The common name of "cow-spit," with the implied indignity to our "rural divinity," becomes singularly ludicrous when we observe not only the frequent generous display of the suds samples, thousands upon thousands in a single small meadow, but the further fact that each mass is so exactly landed upon the central stalk of grass or other plant-"spitted" through its centre, as it were. The true expectorator is within, laved in his own home-made suds. If we care to blow or scrape off the bubbles, we readily disclose him--a green speckled bug, about a third of an inch in length in larger specimens, with prominent black eyes, and blunt, wedge-shaped body.

[Illustration]

In the appended sketch I have indicated two views of him, back and profile, creeping upon a grass stalk. A glance at the insect tells the entomologist just where to place him, as he is plainly allied to the cicadæ, and thus belongs to the order Hemiptera, or family of "bugs," which implies, among other things, that the insect possesses a "beak for sucking." To what extent this tiny soaker is possessed of such a beak may be inferred from the amount of moisture with which he manages to inundate himself, which has all been withdrawn from the stem upon which he has fastened himself, and finally exuded from the pores of his body.

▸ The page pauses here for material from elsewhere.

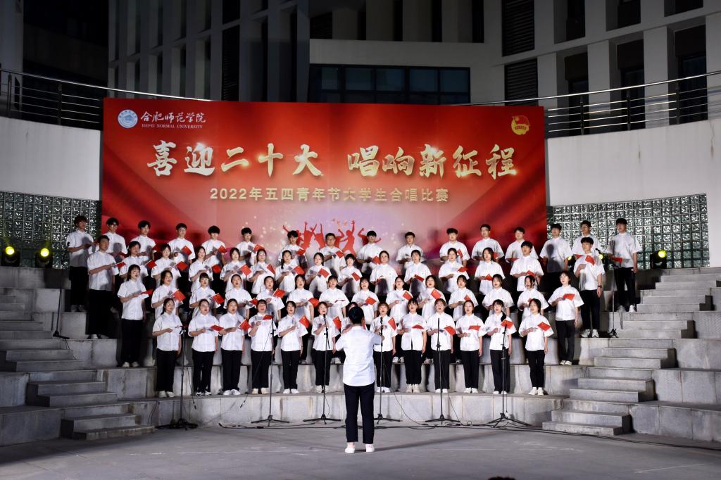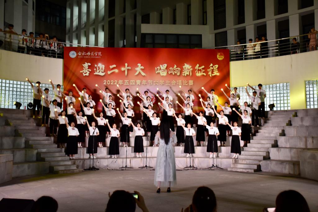 本网讯 为迎接党的二十大胜利召开,深入推进“喜迎二十大、永远跟党走、奋进新征程”主题教育实践活动,5月8日晚上,由院团委主办的“喜迎二十大 唱响新征程”五四大学生合唱比赛在滨湖校区举行。研究生处处长胡玉娟、院团委副书记刁文彬、外国语学院党委副书记马喆、马克思主义学院组织员束道锋,各二级学院团组织书记、各参赛学院指导老师及学生代表等400余人到场观看。音乐学院教师苏丽丽、谢梦珂、谭映、潘怡担任比赛评委。

This is the spume-bearer, Aprophora, in his first or larval estate, which continues for a few weeks only. Erelong he will graduate from these ignominious surroundings, and we shall see quite another sort of creature-an agile, pretty atom, one of which I have indicated in flight, its upper wings being often brilliantly colored, and re-enforced by a pair of hind feet which emulate those of the flea in their powers of jumping, which agility has won the insect the popular name of "froghopper." They abound in the late summer meadow, and hundreds of them may be captured by a few sweeps of a butterfly-net among the grass.